Sister Zhang was baptized on Tuesday:
It was an excellent baptismal service. The Spirit was uninhibited by the frigidity of the baptismal font’s water, which I saw coming from miles away. Baptismal font water heaters, like chapel sound systems and wireless internet, never, ever work when they’re supposed to. Notwithstanding these outward inconveniences, the service was a great success. Sister Zhang has a firm testimony. We are very happy to welcome her into our branch.
On Wednesday, I left for Taipei. I spent most of the seven-hour train ride up sharing the gospel with a Buddhist nun who sat next to me, reading the Book of Mormon in Chinese, and getting really carsick as a result.
Upon reaching Taipei, we began our journey to Sanxia, where we were to stay for the night. An unexpected surprise: we transferred from the MRT to the bus at Jingan, right in the middle of my last area!
Arriving after nightfall, we ate dinner at a member’s home in Sanxia. This upscale district, with its broad spaces, fountains, and tall uniform apartment buildings, is most definitely an outlier in Taiwan.
View from the roof of the Sanxia apartment building.
On the roof.
The next morning, we made our way over to Taipei, where all trainers and trainees enjoyed a day of meetings. At night, I babysat Elder Brandley (“babysitting,” as part of the familial-metaphorical jargon of missionary genealogy, describes bringing a newly-arrived missionary who has not yet been assigned a trainer out finding for a night). We went to one of my favorite places:
With Elder Brandley at the base of Taipei 101.
After spending a night in Wanda, I returned to the chapel with my temporary companion for Friday’s transfer meeting. The PowerPoint presentation was projected upon the wall, and the suspenseful meeting began. The waiting was intense. One by one, each trainee was paired with a trainer. At last, only me and one other trainer were left. Two nervous trainees stood opposite us on the other side of the room. I stared at the screen. At last, our paired images materialized, and I beheld: Elder Stephens!
Elder Stephens and I in the MRT station.
Elder Stephens is an excellent companion, very diligent and dedicated. He is from Utah. He previously served in Arkansas and Mississippi while awaiting his visa. It is a great privilege to serve with him.
So far, I’ve been speaking pretty much nothing but Chinese to him (with his permission, of course). When he doesn’t understand, I repeat myself in English. In order to meet him more thoroughly, I asked him a question of personal opinion:
Me: On a scale of one to ten, how terrifying are the carbonated bubbles of soda?
Elder Stephens: Two. They aren’t very scary.
Me: Why not a one?
Elder Stephens: Because, if the soda were to explode, that would be pretty messed up. That’s scary.
It’s a really cool experience to train. Everything you do makes a big influence on your companion’s future as a missionary. It also brings back great memories of when you were a “baby.”
Anyway, this week has gone quite fabulously, despite me catching a cold. We drafted a new branch mission plan with our branch president, which I believe has a lot of potential to invigorate the missionary work in our branch. Elder Stephens and I are excited to implement it.

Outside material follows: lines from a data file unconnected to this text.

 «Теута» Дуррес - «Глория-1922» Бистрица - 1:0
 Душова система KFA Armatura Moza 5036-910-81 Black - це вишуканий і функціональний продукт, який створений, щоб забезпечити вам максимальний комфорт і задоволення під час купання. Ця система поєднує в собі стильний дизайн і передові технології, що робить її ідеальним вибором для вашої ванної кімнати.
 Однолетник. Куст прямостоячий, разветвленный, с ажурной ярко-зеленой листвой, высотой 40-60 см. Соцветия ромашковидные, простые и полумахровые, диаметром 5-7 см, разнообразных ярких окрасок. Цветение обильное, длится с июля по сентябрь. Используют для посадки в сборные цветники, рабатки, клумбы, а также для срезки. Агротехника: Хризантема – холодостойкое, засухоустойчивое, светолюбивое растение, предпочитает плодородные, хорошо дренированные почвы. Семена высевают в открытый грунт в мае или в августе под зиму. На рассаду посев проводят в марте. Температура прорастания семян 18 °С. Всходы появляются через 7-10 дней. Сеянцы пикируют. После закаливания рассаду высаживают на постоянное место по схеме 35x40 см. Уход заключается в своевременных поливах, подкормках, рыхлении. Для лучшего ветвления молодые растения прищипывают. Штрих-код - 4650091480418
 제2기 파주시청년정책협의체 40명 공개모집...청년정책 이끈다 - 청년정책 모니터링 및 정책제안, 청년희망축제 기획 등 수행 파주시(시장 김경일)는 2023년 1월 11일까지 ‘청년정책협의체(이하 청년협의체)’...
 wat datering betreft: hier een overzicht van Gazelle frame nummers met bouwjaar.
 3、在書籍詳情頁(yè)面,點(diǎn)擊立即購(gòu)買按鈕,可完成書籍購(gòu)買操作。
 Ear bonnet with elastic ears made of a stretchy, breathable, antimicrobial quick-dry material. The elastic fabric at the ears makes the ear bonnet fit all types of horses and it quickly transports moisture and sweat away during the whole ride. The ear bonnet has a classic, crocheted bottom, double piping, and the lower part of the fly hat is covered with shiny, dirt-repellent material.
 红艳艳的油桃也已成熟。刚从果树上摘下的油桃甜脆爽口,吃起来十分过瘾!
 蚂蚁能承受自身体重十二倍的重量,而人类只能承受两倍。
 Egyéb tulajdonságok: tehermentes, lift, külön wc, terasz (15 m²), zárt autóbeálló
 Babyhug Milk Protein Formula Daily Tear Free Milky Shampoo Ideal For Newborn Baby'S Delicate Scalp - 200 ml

A group of about three plumbers unexpectedly burst into our apartment this morning, brandishing an assortment of wrenches and other tools. They proceeded to dismantle our water heater and then left, leaving it spouting forth gallons of water onto our balcony. We think they were probably sent by either the landlord or the mission office. Either way, I just hope they come back at some point.